A study by North Carolina researchers suggests that black men in prison live longer than their black counterparts outside prison, in part because they have better access to health care. The same study indicates imprisoned black men live longer than imprisoned white men.

“Ironically, prisons are often the only provider of medical care accessible by these underserved and vulnerable Americans,” Hung-En Sung, an associate professor at the John Jay College of Criminal Justice in New York, told Reuters Health. Sung was not part of the study.

“Typically,” Sung says, “prison-based care is more comprehensive than what inmates have received prior to their admission.”

The study, led by Dr.
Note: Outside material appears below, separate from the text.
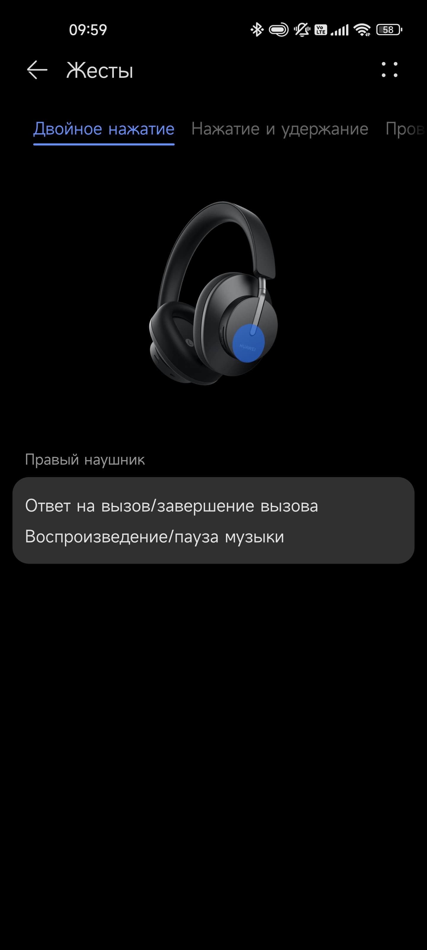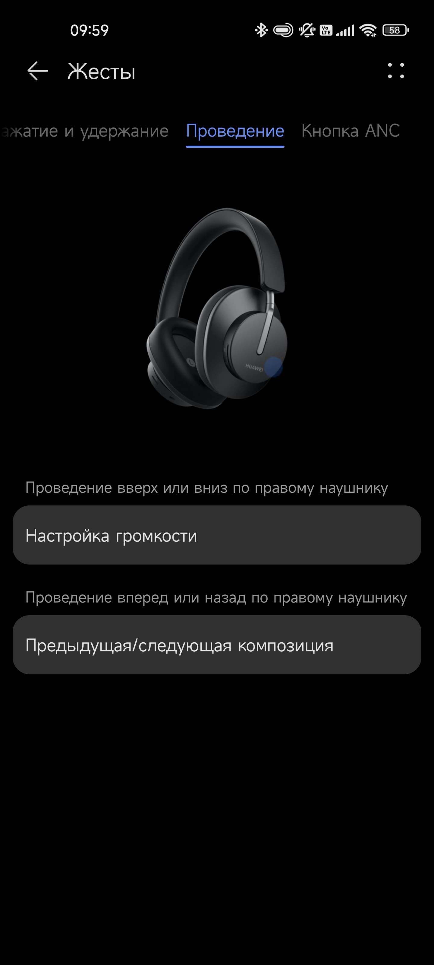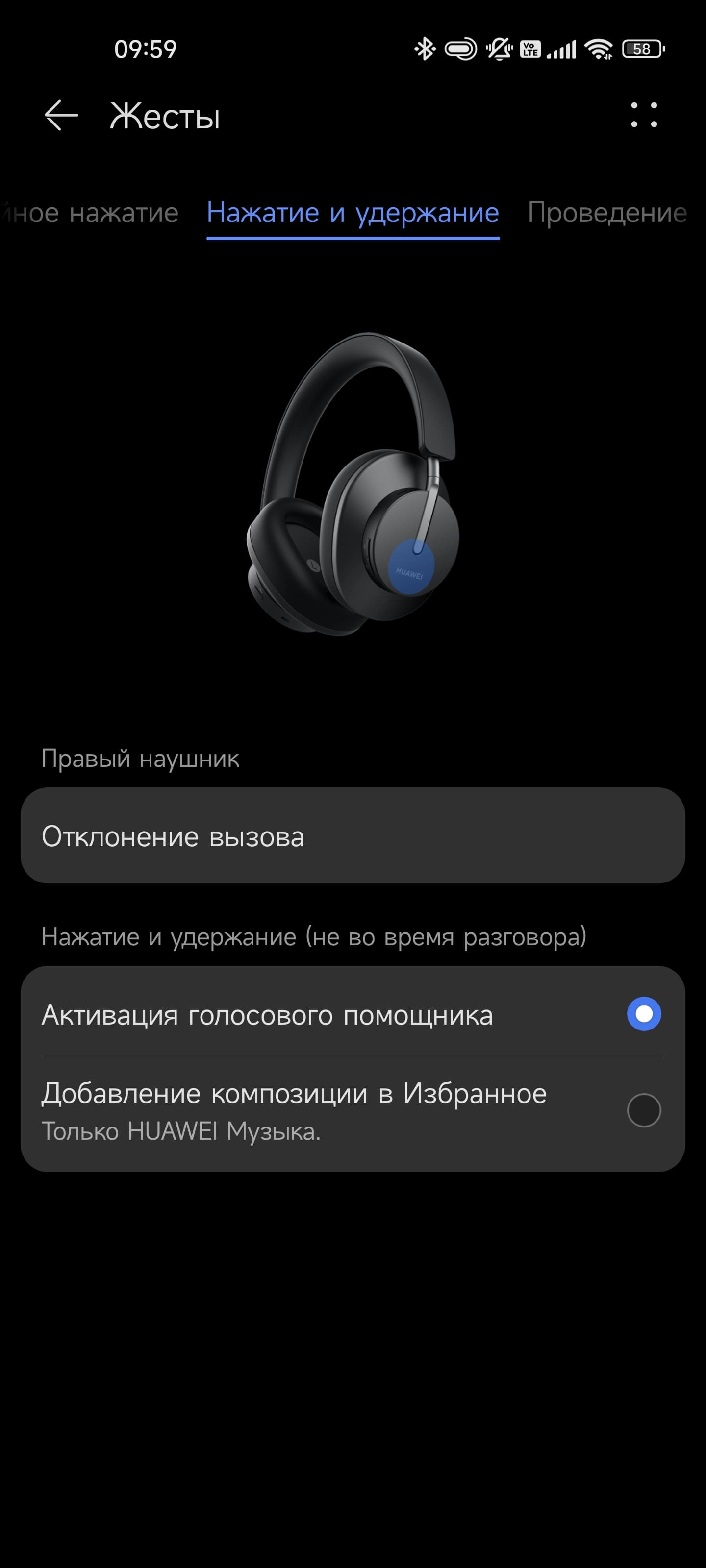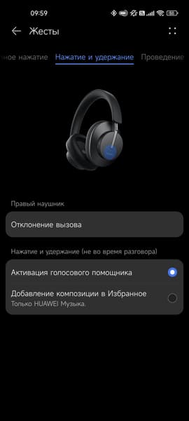 Отдельная вкладка отдана под настройку управления. Вернее, речь идет не столько про настройку, сколько про ознакомление — изменить пользователю предлагается очень немногое. Но страшного в этом ничего нет: управление изначально вполне логичное. На удержание сенсорной зоны можно «повесить» активацию голосового помощника, либо добавление композиции в избранное, но только при использовании сервиса Huawei Музыка — многие пользователи наверняка выберут ассистента, который существенно расширяет возможности управления источником звука (обычно смартфоном). Кнопка переключения режимов работы «шумодавов» меняет их по кругу: выключено — режим шумоизоляции — режим «прозрачности». Если какой-то из вариантов не используется, его можно отключить.

David Rosen at the University of North Carolina at Chapel Hill, looked at North Carolina prison records and state death records from 1995 to 2005. Then it examined the cause of death and death rates among 100,000 black and white male prisoners 20 to 79 years old, and compared them with black and white counterparts outside prison.

The researchers’ conclusion: Black inmates were 30 percent to 40 percent less likely to die of cancer and heart and blood vessel diseases as blacks who weren’t behind bars, and they also were less likely to die of diabetes, alcohol- and drug-related ailments, accidents, suicide and murder, according to the study.

For imprisoned white men, the death rate was 12 percent higher than non-imprisoned white men, although when analyzed by age, death rates were higher only for white prisoners 50 and older, according to the study.

Obviously, black men would prefer to take their chances on their health living outside a prison, so the study pointed out that the negative consequences of being behind bars far outweigh the positive consequences.